Dear Karl,
Thanks very much for your speedy and extensive reply!! It really
helped clarify things!
Best wishes,
Sophie
> Dear Sophie,
>
>> I am interested in the use of psychophysiological interactions and
>> have read your 1997 paper in NeuroImage (Psychophysiological and
>> Modulatory Interactions in Neuroimaging) and I have a question or two
>> that I am wondering whether you can help me with. I understand that
>> you are very busy and that you may be unable to respond to this
>> e-mail, but thought that since my question relates specifically to
>> your paper,you would be the best person to ask about it.
>>
>> I have been reading around the idea of using PPI as a method of
>> effective connectivity when the physiological activity of a number of
>> regions (say B, C and D) are entered into the model, and as a method
>> of establishing ?contribution? of region A to region B when only a
>> single or a couple of regions are entered into the model. I see some
>> people refer to PPI analyses as a measure of functional connectivity,
>> and others refer to it as effective connectivity.
>
> I have to confess that I am ambivalent about the status of PPI as a
> measure of functional
> or effective connectivity. According to the definition of functional
> connectivity (a significant
> statistical dependence between dynamics in two areas), one can
> regard a PPIs as testing
> for functional connectivity because they are based on a significant
> interaction. On the other hand,
> this significance is based on rejecting the null hypothesis that the
> parameter of the underlying
> PPI model is non-zero. This parameter reflects the unique
> contribution of the interaction to
> the observed responses in the target area; and could be interpreted
> as effective connectivity;
> i.e., the influence of one area on another under some model.
>
>
>> If I am correct, I think that you are saying the following in your
>> paper: when a number of different areas are entered into the model
>> (B,C, D), the parameter estimates can be treated almost like
>> connectivity strengths and so this resembles effectve connectivity,
>> whereas when only one (B) or two (B,C) areas are entered into the
>> model, these parameter estimates are less like connectivity strengths
>> because one ignores other areas (say D, etc) that may be explaining
>> variance in the region of interest (A), and so this is refered to as
>> 'contribution'. Is my understanding correct?
>
> Yes, although the notion of a contribution does not rest on the
> number of areas; it is simply the
> contribution of one area to the variance in another that cannot be
> explained by other
> contributions. Clearly, the latter qualification depends on there
> being other areas but one
> area can still contribute to another. The use of the term
> contribution reflects the nature of the
> general linear model of effective connectivity used in PPI and is
> closely related to the path
> coefficients (of moderator variables) in structural equation (and
> other linear regression) models
> of effective connectivity. It also appears in contribution analyses.
>
>
>> So far, I have used PPI to look for changes in the contribution of one
>> region to another, including no other regions.
>>
>> My question is this.
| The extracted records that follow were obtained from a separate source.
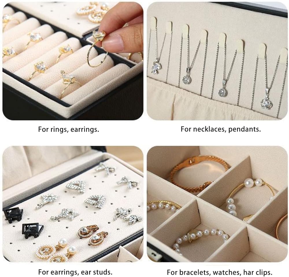 Double Layer Design, Large Capacity - Double layer jewelry boxes offer adequate area for your exquisite accessories. Top lid with 8 hooks for necklaces and pendants; 9 ring rolls, detachable earring organizer hanger, oversized earring plate and 9 compartments below; 6 divided bottom compartments to store rings, bracelets, cuffs, earrings, studs, brooches, watches and other souvenirs.
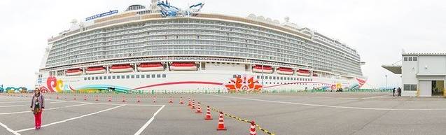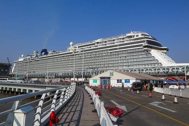 到达码头后,就看到了大游轮,心里满是期待,询问安保人员得知在2号门办理登船手续。
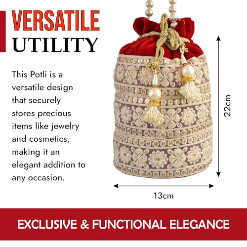 💛 EXCLUSIVE & FUNCTIONAL ELEGANCE : The Potli holds an exclusive that effortlessly combines style with practicality, Unique Potli stands out for its ability to blend elegance seamlessly with practical use, making it a standout choice for those who appreciate both style and usefulness in their accessories. Potli makes it perfect for storing jewellery, cosmetics, keeping them safe and organized. The intricate designs and graceful materials add a touch of sophistication to any outfit or occasion.
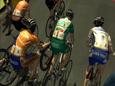 Looks like the C.A. rider could tip the bike over any second, and the Quick Step guy knows it...
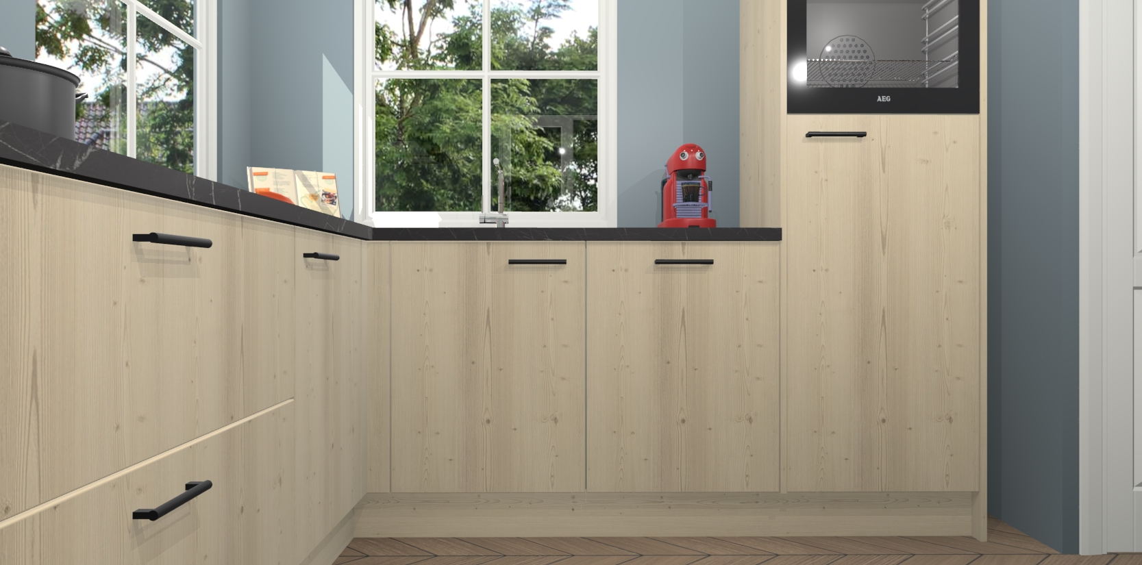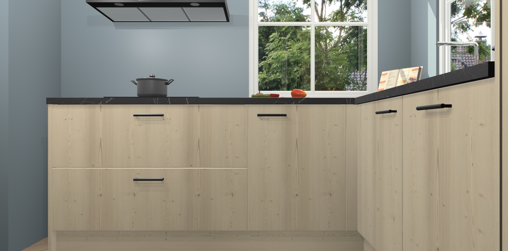 In deze box zijn alle kleuren verzameld van de deuren en werkbladen. Vraag de gratis kleurenbox aan en kijk thuis rustig verder!
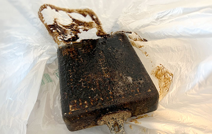 ビニール袋にも焦げ汚れがつくほどで、洗浄力の高さに驚かされます。
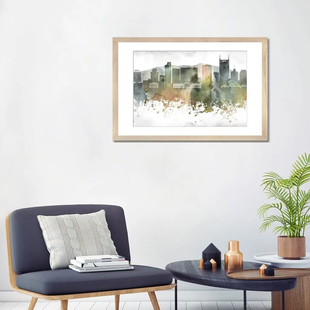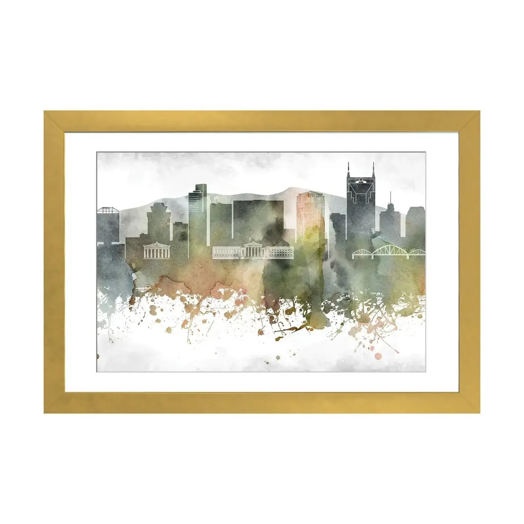 Icanvas "Nashville Skyline" By Walldecoraddict - Walnut - 16x24x1
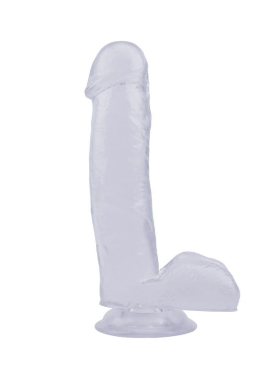Zeer realistisch aanvoelende kristalheldere penis dildo met testikels op een sterke zuigvoet
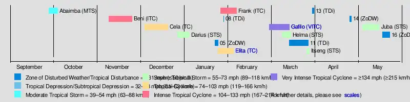 Similar to the preceding season, the 2003–04 season began in September and ended the following May, making it one of the lengthiest on record. Most storms originated near the Chagos Archipelago in the central Indian Ocean.[2] Two storms – Helma and Itseng – crossed from the Australian basin and were tracked by the Bureau of Meteorology (BoM).[4][5] Many of the storms had unusual trajectories, with sudden changes in direction. Cyclone Elita crossed the coastline of Madagascar three times, described by the MFR as an "exotic" track but akin to Cyclone Felicie in 1971. The final storm – Juba – was the third-latest named storm on record, after Ikonjo in May 1990 and Gritelle in June 1991.[2]
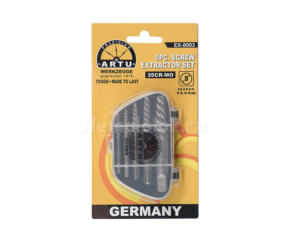 Германия, КитайНабор спиральных экстракторов для винтов ARTU, 5 шт. (EX-8003)
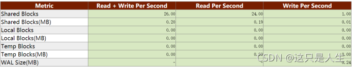 IO 方面需要重点关注的指标有 WAL Size - WAL 日志 IO 大小,和 Blocks Read/Write Size - 数据页读和写的大小,这应该是物理读写的大小。
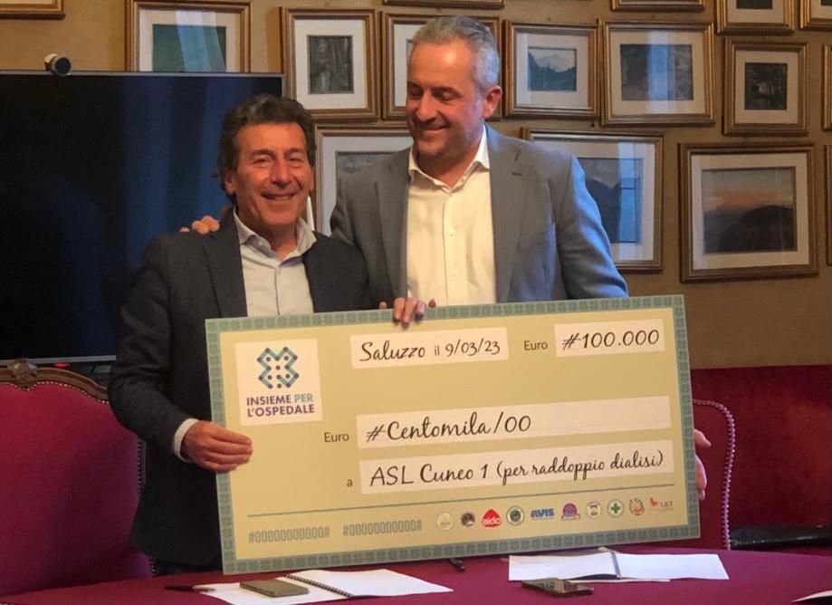 100 mila euro è la grande somma donata per il potenziamento della Dialisi di Saluzzo, raccolta attraverso la campagna “Insieme per l’Ospedale” da una squadra di dieci associazioni di volontariato e gruppi locali: Officina delle idee, Ana Saluzzo, Croce verde, Artiglieri dell’Aosta, Avis, Lilt, Tribunale del malato, Adas, Aido e il Fiore della vita.

When there is only one area included in the model
>> (my seed area is the anterior temporal lobe), and I compare the
>> significant interaction effects seen in one condition to those in
>> another, how is this different to comparing two correlation analyses?
>> Isn?t a simple regression including only one predictor region
>> (interacting with condition) and the outcome ROI just the same as
>> performing a correlation analysis between the two areas under a given
>> condition? The only reason that I ask, is because of a sentence in
>> the discussion of the 1997 paper that says:
>>
>> ?Note that both these analyses included the effects from many possible
>> sources of input and were framed in terms of effective connectivity.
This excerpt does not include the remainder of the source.